***** Material for the task *****

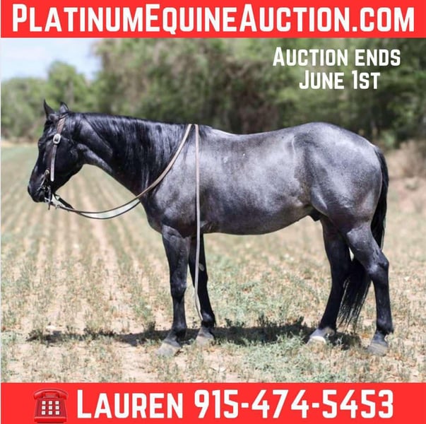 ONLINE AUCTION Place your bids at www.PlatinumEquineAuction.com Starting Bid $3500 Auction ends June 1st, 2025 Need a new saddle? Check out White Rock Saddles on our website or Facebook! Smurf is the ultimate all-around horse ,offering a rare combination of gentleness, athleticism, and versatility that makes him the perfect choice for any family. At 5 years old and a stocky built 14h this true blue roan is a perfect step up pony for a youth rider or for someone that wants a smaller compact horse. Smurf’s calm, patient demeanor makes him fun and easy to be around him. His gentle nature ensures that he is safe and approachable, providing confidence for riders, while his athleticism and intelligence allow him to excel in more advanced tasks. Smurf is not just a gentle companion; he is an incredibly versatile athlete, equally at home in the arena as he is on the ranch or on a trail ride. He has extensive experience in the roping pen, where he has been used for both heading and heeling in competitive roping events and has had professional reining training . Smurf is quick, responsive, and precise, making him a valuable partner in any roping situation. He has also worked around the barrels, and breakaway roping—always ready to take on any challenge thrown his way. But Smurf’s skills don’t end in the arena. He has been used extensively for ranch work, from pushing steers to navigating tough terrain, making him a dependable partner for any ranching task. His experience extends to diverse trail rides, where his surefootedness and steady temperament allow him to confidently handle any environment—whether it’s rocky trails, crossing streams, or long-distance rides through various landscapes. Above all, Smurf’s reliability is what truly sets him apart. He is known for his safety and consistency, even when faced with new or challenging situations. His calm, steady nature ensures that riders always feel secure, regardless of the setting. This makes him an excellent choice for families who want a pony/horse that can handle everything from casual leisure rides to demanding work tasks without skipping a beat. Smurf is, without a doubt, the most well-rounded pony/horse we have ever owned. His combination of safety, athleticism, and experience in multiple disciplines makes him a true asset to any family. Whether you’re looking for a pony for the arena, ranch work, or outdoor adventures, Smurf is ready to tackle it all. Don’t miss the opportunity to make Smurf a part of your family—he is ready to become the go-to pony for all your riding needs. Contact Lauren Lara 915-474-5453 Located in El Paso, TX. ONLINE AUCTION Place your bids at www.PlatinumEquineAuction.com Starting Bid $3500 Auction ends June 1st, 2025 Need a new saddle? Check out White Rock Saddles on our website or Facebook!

*****
***** Material for the task *****

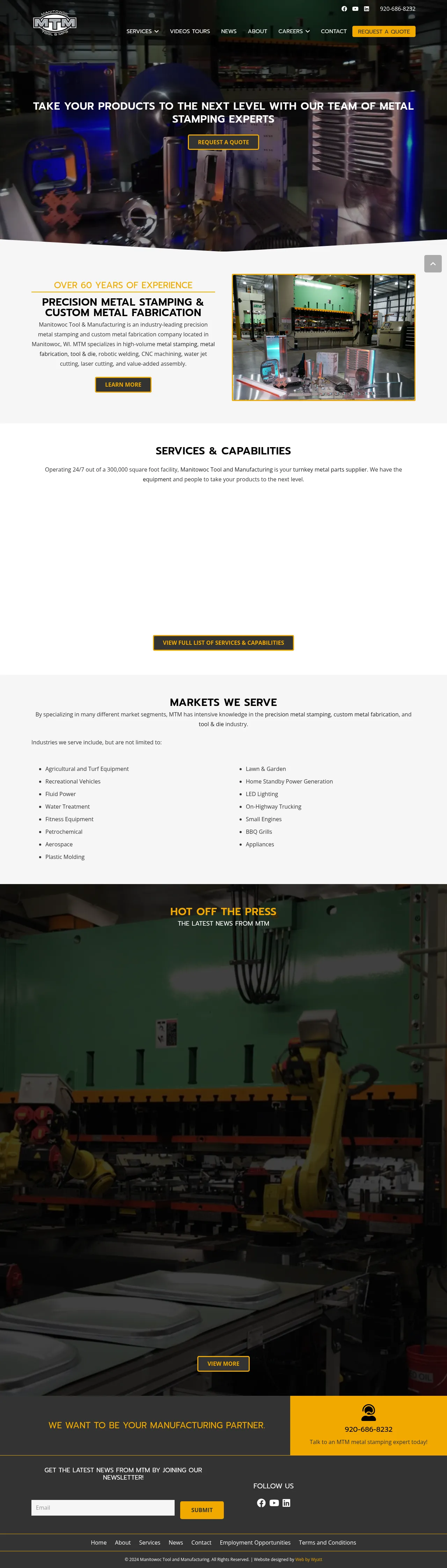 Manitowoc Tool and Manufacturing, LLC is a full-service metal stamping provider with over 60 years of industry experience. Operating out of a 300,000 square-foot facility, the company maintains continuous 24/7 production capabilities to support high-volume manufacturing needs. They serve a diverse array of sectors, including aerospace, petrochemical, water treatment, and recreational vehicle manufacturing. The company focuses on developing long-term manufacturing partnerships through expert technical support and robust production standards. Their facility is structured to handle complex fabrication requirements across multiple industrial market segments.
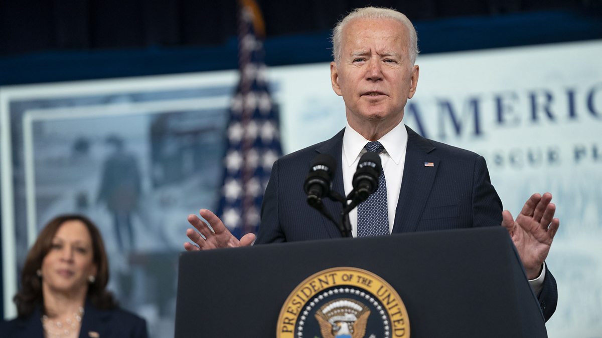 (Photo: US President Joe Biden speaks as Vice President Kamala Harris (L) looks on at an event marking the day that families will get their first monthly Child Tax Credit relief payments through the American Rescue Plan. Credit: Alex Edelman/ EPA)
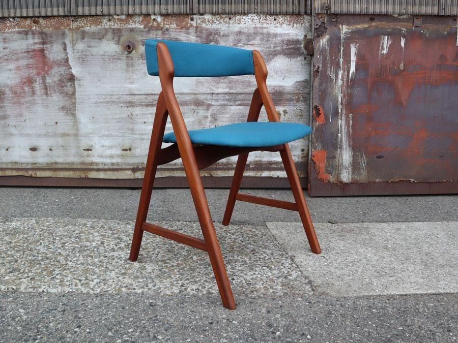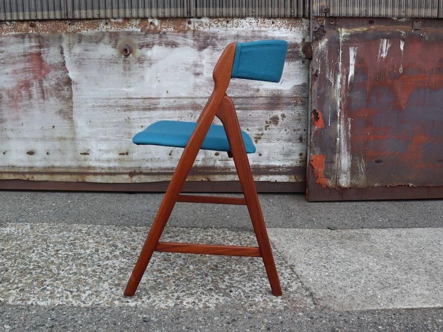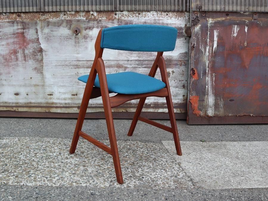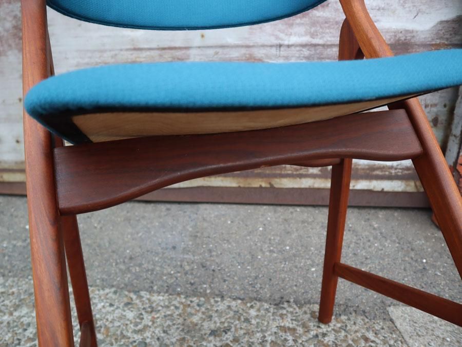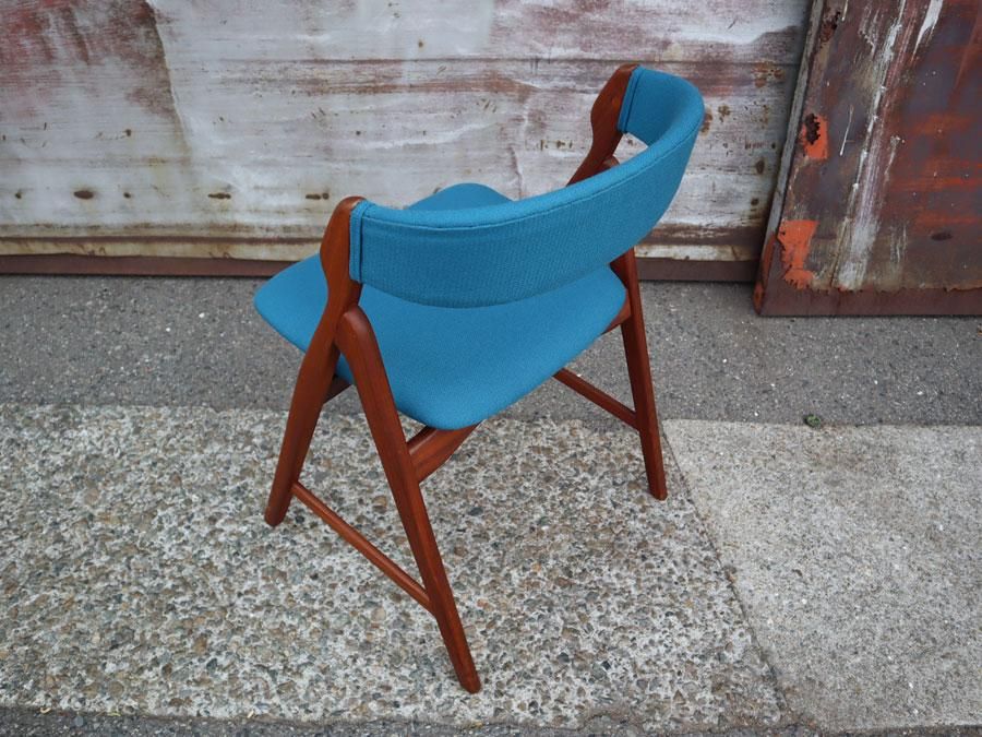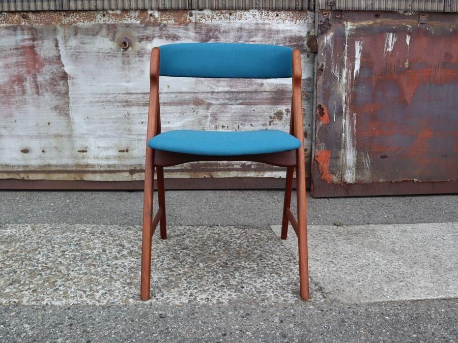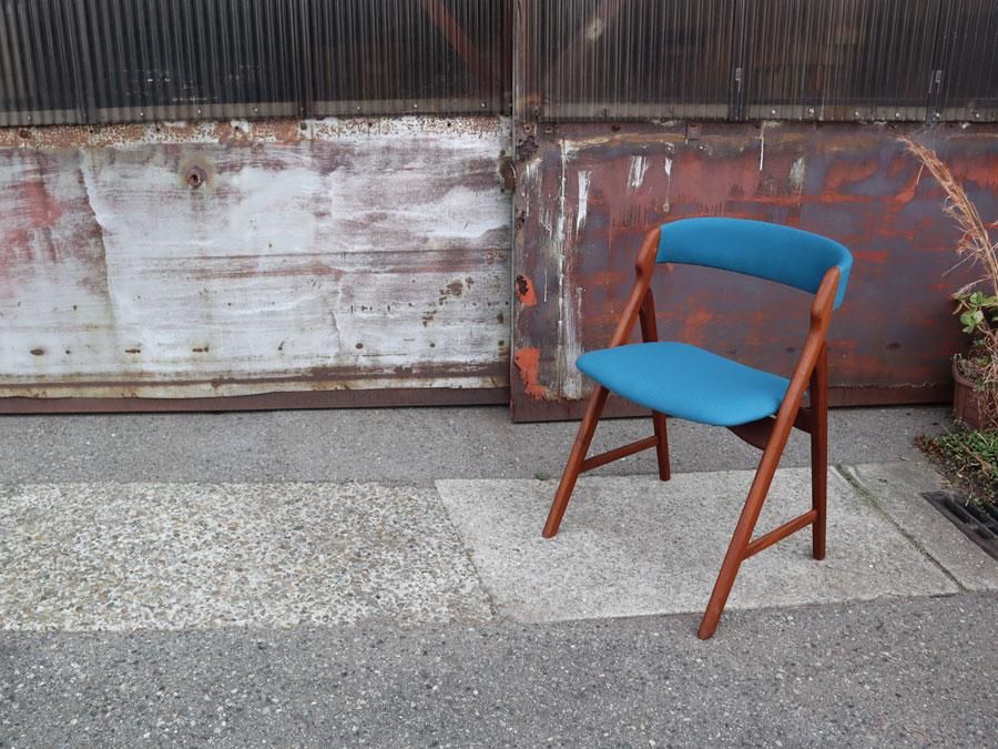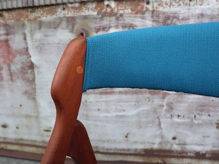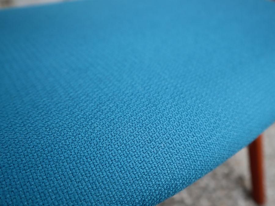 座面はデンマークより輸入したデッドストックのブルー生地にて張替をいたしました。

*****

Task to complete: In the material above, the stretch from the line with "(Photo: US President" through the line with "座面はデンマークより輸入したデッドストックのブルー生地にて張替をいたしました。" is to be given again exactly, minus the pictures.

Output of the exercise:
 (Photo: US President Joe Biden speaks as Vice President Kamala Harris (L) looks on at an event marking the day that families will get their first monthly Child Tax Credit relief payments through the American Rescue Plan. Credit: Alex Edelman/ EPA)
 座面はデンマークより輸入したデッドストックのブルー生地にて張替をいたしました。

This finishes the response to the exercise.